After that we store the given parameters in create_info
and create_info_sizes
.
Finally, we create the first pool we're going to allocate from and a second pool to take over for it after it becomes exhausted.
Implementing descriptor pool creation
vk_handle<VkDescriptorPool> create_descriptor_pool() const
{
VkDescriptorPoolCreateInfo ci{};
ci.sType = VK_STRUCTURE_TYPE_DESCRIPTOR_POOL_CREATE_INFO;
ci.flags = create_info_flags;
ci.maxSets = create_info_max_sets;
ci.poolSizeCount = (uint32_t)create_info_sizes.size();
ci.pPoolSizes = create_info_sizes.data();
auto ret = dev->create_descriptor_pool(ci);
dev->set_object_debug_name(ret, u8"descriptor_pool");
return ret;
}
Also very straightforward. We just take our create_info_*
variables, pack them up the way Vulkan wants them, and call vkCreateDescriptorPool
. Easy.
Implementing shutdown
void shutdown()
{
assert(is_initialized());
frame_resource_barrier((uint32_t)-1 /* shutdown sentinel */);
for (auto& p : empty_descriptor_pools)
dev->destroy(std::move(p));
empty_descriptor_pools.clear();
dev->destroy(std::move(descriptor_pool));
descriptor_pool::dev = nullptr;
}
Nothing fancy here. We expect the caller to have already put the device in an idle state or, at the very least, to have taken care to wait until the GPU is no longer touching any of the pool's resources. Given that there's little to do except just destroy all the things.

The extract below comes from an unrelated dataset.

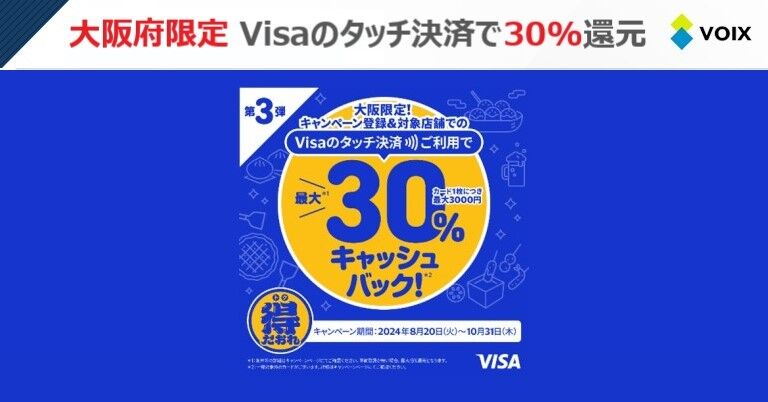 12月3日スタート!大阪限定Visaキャンペーンでお得に楽しむ方法 2024年12月02日 カテゴリ:情報 このキャンペーンは、大阪在住の方や訪れる方にとってお得情報です。Visaを利用して得られるキャッシュバックは、次回の買い物の足しにもなりますし、タッチ決済の手軽さもあって、ますますお得感を感じられそうです!<関連する記事> 「Visa割」登録カード利用で、30%キャッシュバック!『大阪限定 Visaのタッチ決済キャッシュバックキャンペーン 第4弾』を12月3日より開始 | ビザ・ワールドワイド・ジャパン株式会社のプレスリリース - PR TIMES (出典:PR TIMES) <関連する画像> (出典 voix.jp) (出典 www.visa.co.jp) <関連する動画> <ツイッターの反応> 「情報」カテゴリの最新記事 コメントする コメントフォーム 名前 コメント 記事の評価 リセット リセット 顔 星 情報を記憶 コメントを投稿する

The only thing to note here is that calling frame_resource_barrier
with the shutdown sentinel causes it to dump any descriptor pool references still being held in the usage_markers
queue into the empty_descriptor_pools
vector so that they can be cleared.
Implementing frame_resource_barrier
; handling frames-in-flight
Again, very similar to dynamic_buffer
's implementation.
void frame_resource_barrier(uint32_t frame_index) noexcept
{
while (!usage_markers.empty())
{
auto& m = usage_markers.front();
switch (m.type)
{
case usage_marker_type::fence:
if (m.fence.frame_index != frame_index && frame_index != (uint32_t)-1)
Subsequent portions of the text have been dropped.